·4 min read
Playwright vs Cypress vs Selenium in 2026: The QA Architect Decision Guide
Compare Playwright, Cypress, and Selenium in 2026. Pick the right browser test tool for AI-agent workflows.

Published: · 10 min read
Playwright's new stabilization work echoes a flaky-test fix from enterprise QA. See the pattern, why it matters, and how teams can reduce noisy failures.
On this page
Three years ago, I built a test framework that fixed itself. Nobody called it AI. "Agent" was still the thing antivirus ran on your laptop.

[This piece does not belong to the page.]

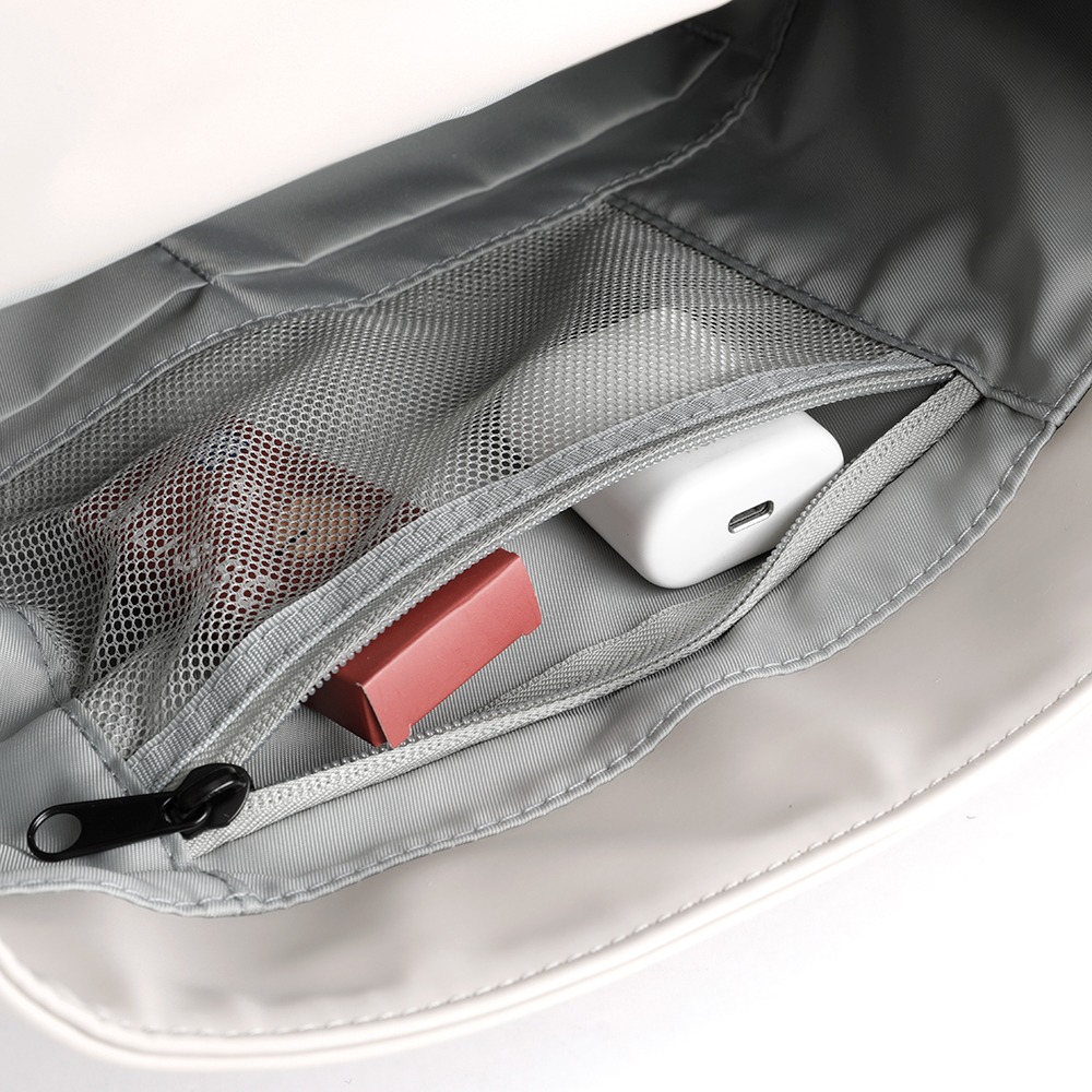 Внутри уплотнённый карман для ноутбука 14 дюймов, карман-органайзер для аксессуаров и ЭКСКЛЮЗИВНАЯ ОПЦИЯ - специальный карман-сетка ДЛЯ АРОМАСАШЕ на молнии.

I split the framework into three parts. I called them Planner, Generator, and Healer. Not because I read a paper. Those were the three jobs I needed. I was out of good names.
Last October, Playwright shipped three Test Agents in version 1.56. Three of them.
They call them Planner, Generator, and Healer.
This month, version 1.59 shipped the rest of the plumbing. It added video recording inside tests (page.screencast). It added browser.bind(), so Claude or Cursor can connect to a running browser. It added async disposables (auto-cleanup for test resources). The agents shipped in October. Their plumbing shipped last week.
So this post is about one thing. The same three-part system that saved my career just shipped as a feature in the tool everyone uses.
Here is what Playwright got right. Here is what is still missing. And here is how to start using it today. Even if you stay on your own framework.
If your tests fail at random, and someone keeps asking you to "just make the flaky tests pass" — read this.
Here is a cost every engineering manager forgets: the flaky-test cost.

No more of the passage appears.